Я восхищался этим человеком больше, чем кем-либо еще в своей жизни. Я осознал всю глупость западных иллюзий, наше идиотское высокомерие в стремлении построить города на вечные времена. Потому что все, что бы мы ни делали, будет временным, и все, что бы мы ни построили, со временем превратится в пыль. А верить во что-либо другое – просто тщеславие. Восточный разум изощреннее нашего, я давно это понял. Этот изменчивый мир всего лишь иллюзия. Вот почему для Ханадзоно не имело значения то, что Токио его юности остался лишь в его памяти. Даже если бы все здания снова оказались на своих местах, город все равно не остался бы таким, как прежде. Все двигается, все меняется. Принять это – значит стать просвященным. Не могу сказать, что я достиг этой степени мудрости. Я все еще страстно желал чего-нибудь неизменного.
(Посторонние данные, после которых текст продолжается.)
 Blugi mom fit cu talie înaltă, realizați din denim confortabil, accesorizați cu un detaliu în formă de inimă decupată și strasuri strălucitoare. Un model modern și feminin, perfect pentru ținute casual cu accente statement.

Я решил просмотреть некоторые из довоенных фильмов Ханадзоно, особенно «Истории женщины для утех» – классический фильм, обожаемый всеми японскими кинолюбами. Как и многие классические довоенные фильмы, работы Ханадзоно найти было трудно. Копий было очень мало. Все фильмы производила одна и та же компания, «Тоэй синема». Там я связался с господином Касиварой, седым мужчиной в синем саржевом костюме. Руководство «Тоэя» всегда нервничало, когда им звонили из Бюро информации, поскольку обычно это приносило одни неприятности. Лично мне бы и в голову не пришло цензурировать какой-либо из фильмов Ханадзоно – вырезать там было попросту нечего, – но Касивара конечно же не был в этом уверен, поэтому с волнением потирал руки, выходя из офиса, чтоб меня встретить.
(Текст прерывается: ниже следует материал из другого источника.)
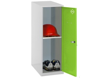 Casillero metálico mini de color GRIS y la puerta BLANCO . Las dimensiones son 475x400x500mm. Se entrega MONTADO e incluye un respiradero para mantener el interior ventilado, una cerradura de cilindro con dos llaves que se puede cambiar bajo pedido por cualquiera de las otras cerraduras de Simonrack y un etiquetero para aportar información acerca de su uso o su propiedad. Este casillero mini se puede acoplar fácilmente a otro casillero Simonrack del mismo tamaño o superior, del mismo o distinto color, adaptándose perfectamente al espacio que necesite el usuario, combínalos como quieras. Ideal para poner debajo de la mesa, en el baño para guardar toallas, en un vestuario etc.

Он вежливо изучил мою визитную карточку, и, несмотря на прохладную погоду, его лоб покрылся испариной. К чашке с чаем он так и не притронулся. Я же, прихлебывая чай, спросил его о картинах Ханадзоно: «Истории женщины для утех», «Сорная трава на восточном берегу», «Жизнь Ёсивары». Касивара присвистнул сквозь зубы.
– Я смогу посмотреть эти фильмы? – спросил я. – Скажем, вы не могли бы организовать для меня просмотр?
Касивара улыбнулся и спросил, почему я интересуюсь этими никчемными старыми фильмами.
Хотя он говорил со мной по-английски, я подумал, что я ослышался.
– Никчемными? Но ведь Ханадзоно – великий режиссер.
Касивара покачал головой:
– Очень старомодный.
– Старомодный? Это в каком же смысле?
Касивара улыбнулся, пожалуй, с каким-то легким намеком на победу:
– Недемократичный.
Признаюсь, в такие моменты я чувствовал преимущества своего положения как представителя победоносных союзнических сил. Помимо всего прочего, разве не удивительно, что я, Сидни Вановен, ничтожество из Боулинг-Грин, штат Огайо, сижу здесь, на крупнейшей киностудии Токио, в Японии, и приказываю устроить просмотр фильмов в любое удобное для меня время. Сейчас это давало мне полное право излить свое неудовольствие.
– Недемократичный?! – воскликнул я. – Ну, сейчас мы рассудим. Когда Касивара-сан сможет организовать просмотр? Может, начнем с «Историй женщины для утех»?
Взмахнув руками, он отмел эту мысль:
– Пожалуйста, поймите. Мы следуем новым правилам. Сейчас мы демократическая страна благодаря вам…
В знак благодарности он закрыл глаза и согнул шею в поклоне.
Мне стало интересно, почему он так старался спрятать эти фильмы. Какого черта он не хочет мне их показать? Чего стесняется? Или пытается защитить величайшие японские шедевры от американского цензора? Я оскорблен и не желаю больше слушать эту чепуху. Боюсь, что из-за этого скользкого коротышки я потерял терпение. Я повел себя как охамевший американец. И закричал на него:
– Немедленно покажите мне эти чертовы фильмы!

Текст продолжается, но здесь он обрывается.